17th Chief of the Staff
- In office 1987–1991
- General: Eva Burrows
- Preceded by: Caughey Gauntlett
- Succeeded by: Bramwell Tillsley

Personal details
- Born: Ronald Albert Cox 1925 Canterbury, England
- Died: 1995 (aged 69–70)
- Relations: Andre Cox (son)

Military service
- Branch/service: Royal Navy

= Ron Cox (Salvation Army officer) =

Salvation Army officer

Ron Cox (1925–1995) was an English minister and Salvation Army officer who served as the 17th Chief of the Staff of The Salvation Army from 1987 to 1991 under General Eva Burrows.

==Personal life==

Ronald Cox was born in Canterbury, England. Before joining the Salvation Army, he served in the Royal Navy. He married Hilda Chevalley, a native of Switzerland. Cox's son, Andre Cox, later became the 24th Chief of the Staff of The Salvation Army and the 20th General of the Salvation Army.

==Career==

Cox was commissioned as a Salvation Army officer in 1948. He served various corps officer appointments in the United Kingdom before being transferred to Rhodesia (now Zimbabwe). There, he served in various positions, including an assistant at the Howard Institute. Cox later transferred to Switzerland, then back to England at the International Headquarters of The Salvation Army where he served as the under secretary for the Army's operations in Africa. Later, Cox returned to Rhodesia with the rank of lieutenant colonel.

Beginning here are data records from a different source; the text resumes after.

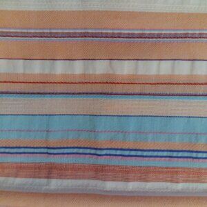 This is a very practical and colorful blouse It is a crisp 100% Cotton Size MP. It is a button down with button sleeve closure. Vivid colors in horizontal stripes.
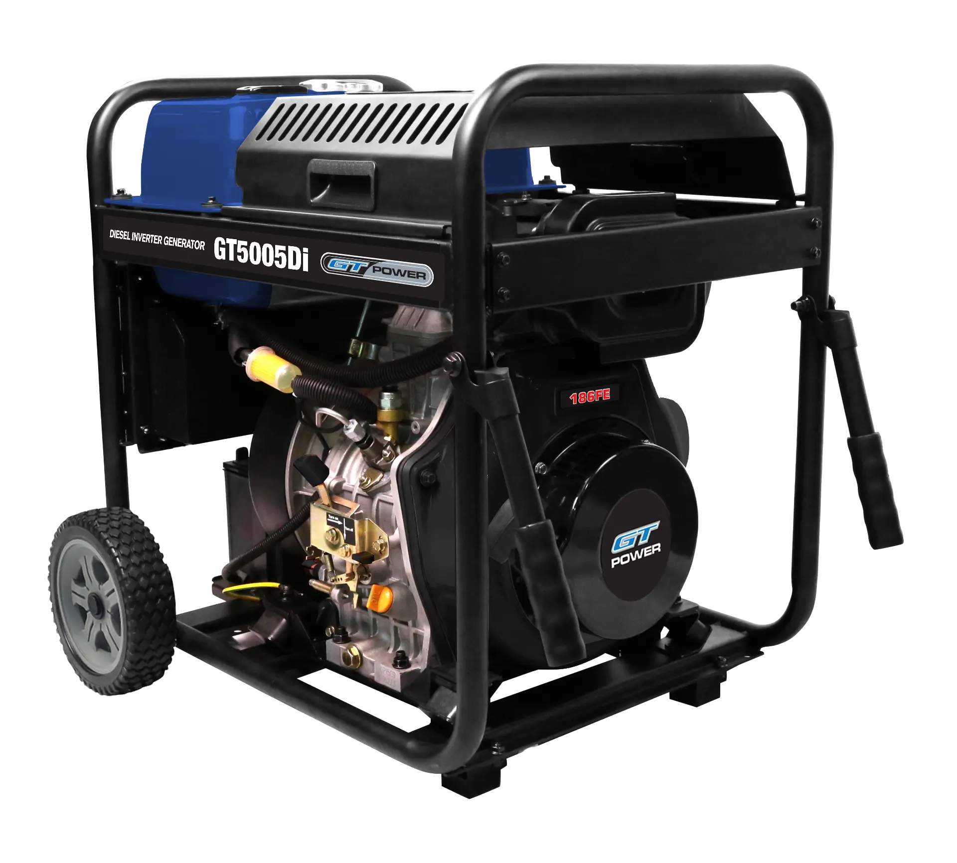 Driven by a heavy-duty 498cc diesel engine, the GT5005Di features a 16L fuel tank for extended runtime, electric start for easy ignition, and a sound-insulated casing that keeps noise to a minimum. The integrated digital display allows you to monitor voltage, runtime, and power output at a glance.
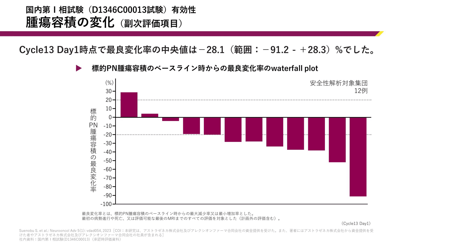 標的とする叢状神経線維腫の最良変化率の中央値は、-28.1%でした。
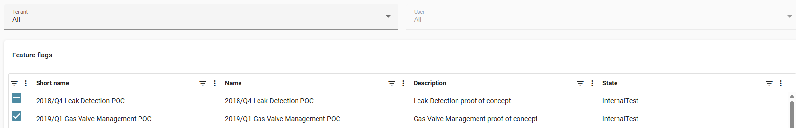 The Feature Flags page contains a Feature flags panel, which lists all features available within the environment, a Tenant dropdown, which lists all tenants within the environment, and a User dropdown, which lists all users inside the tenant selected in the Tenant dropdown.
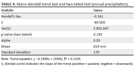 Trend analysis was also performed on an annual scale to examine whether any trends existed in the data. The annual rainfall time series, averaged over the whole data set, is illustrated in Figure 3 with the corresponding Sen's slope plotted. The variability around the mean (819 mm) was evident and pronounced, indicating a decrease over time in annual rainfall. The standard deviation of the annual rainfall shows higher values than the average, indicating the deviation from normal is considerable. Further, Mann-Kendal test results (Table 4) indicate a decreasing trend in annual rainfall across all meteorological stations. The Sen's slope estimate of rate of decrease is −80 mm per year. However, the decreasing rate is not statistically significant at α = 0.05. The rainfall trends demonstrated a variation in the spatial variations of the Highveld, Middleveld and the Lubombo Plateau agro-ecological regions. The Lubombo Plateau had the highest mean rainfall, whereas the Lowveld had the lowest mean rainfall over the study period.
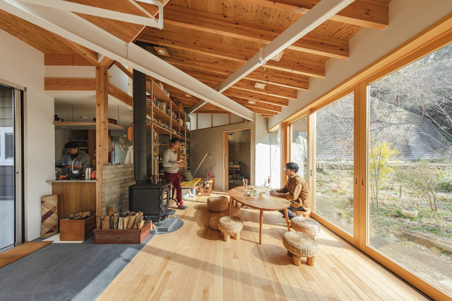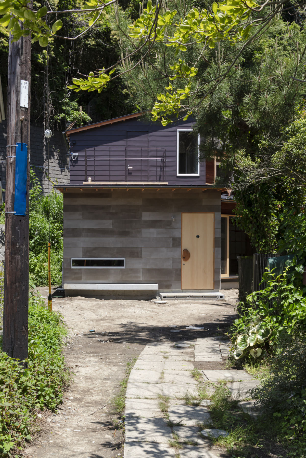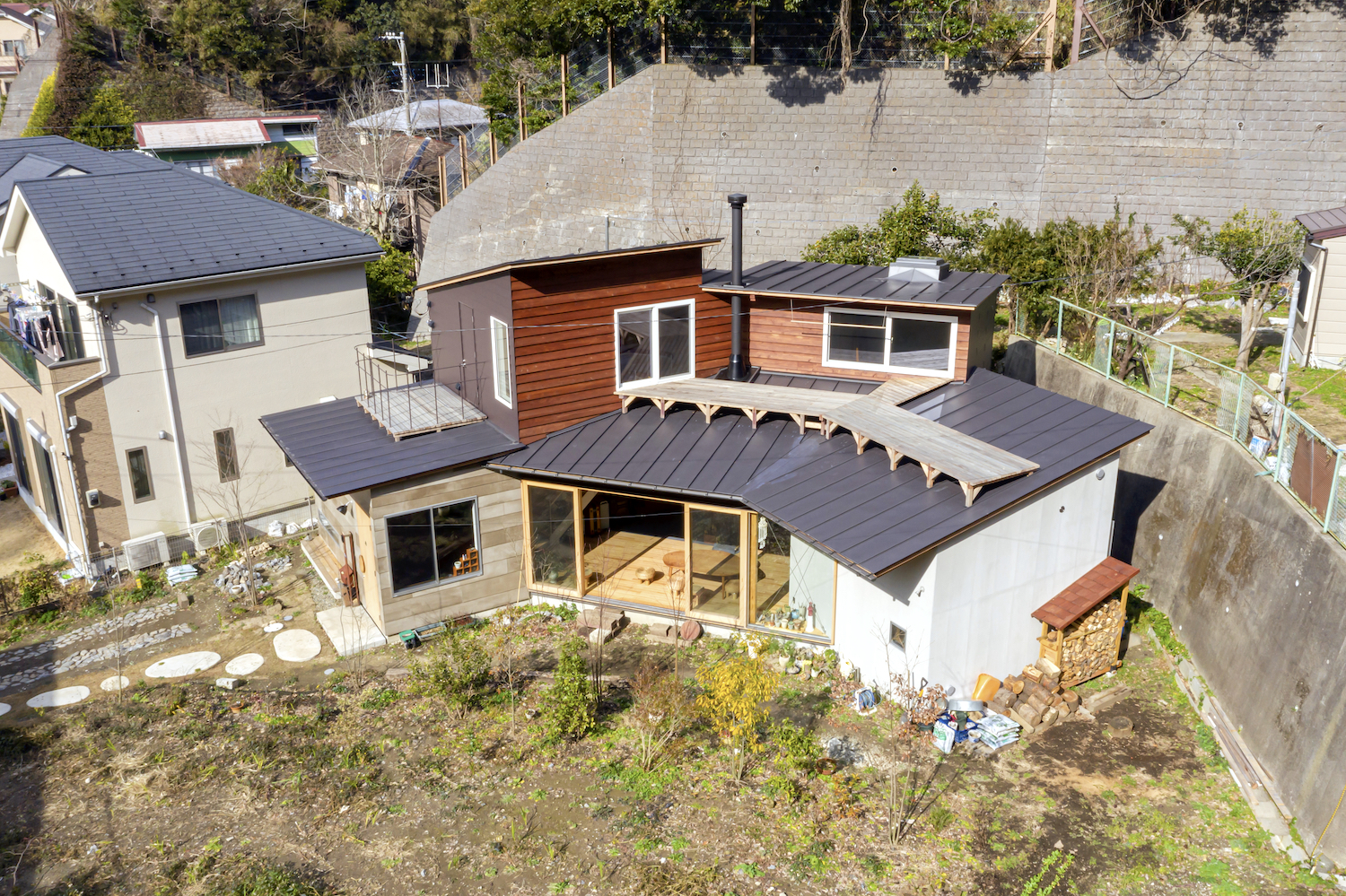 대지는 가마쿠라 인근 미우라 구릉지대의 계곡 끝에 있다. 옹벽을 따라 주변에 초목이 무성하게 자란 지역이다. 현대 미술가인 건축주는 대지의 환경을 좋아했다. 이에 따라 건축설계는 대지 환경과 거주자의 생활습관 사이의 조화를 연구하는 데서 시작됐다. 건축가는 건축주와 함께 자재를 만들고자 했다. 서로 불완전하게 연결된 옹벽, 구조 부재, 건축 재료들은 거주자들에게 삶을 느낄 기회를 만들었다.
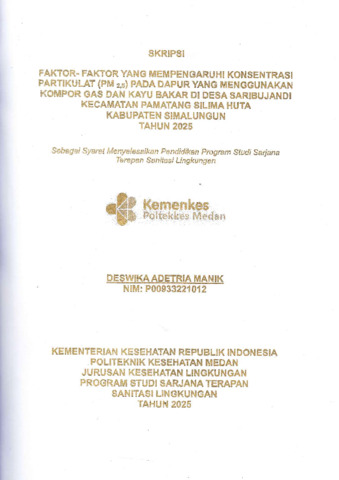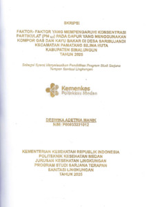 Manik, Deswika Adetria (2025) FAKTOR- FAKTOR YANG MEMPENGARUHI KONSENTRASI PARTIKULAT (PM 2,5) PADA DAPUR YANG MENGGUNAKAN KOMPOR GAS DAN KAYU BAKAR DI DESA SARIBUJANDI KECAMATAN PAMATANG SILIMA HUTA KABUPATEN SIMALUNGUN TAHUN 2025. Diploma thesis, Poltekkes Kemenkes Medan.

In 1977, Cox was promoted to colonel and transferred to the Netherlands where he served as chief secretary. In 1981, he was promoted to commissioner and became the territorial commander for the Salvation Army's Netherlands and France territory. In 1987, he returned to England after he was appointed by General Eva Burrows to become the 17th Chief of the Staff of The Salvation Army, a position which he held until his retirement in 1991.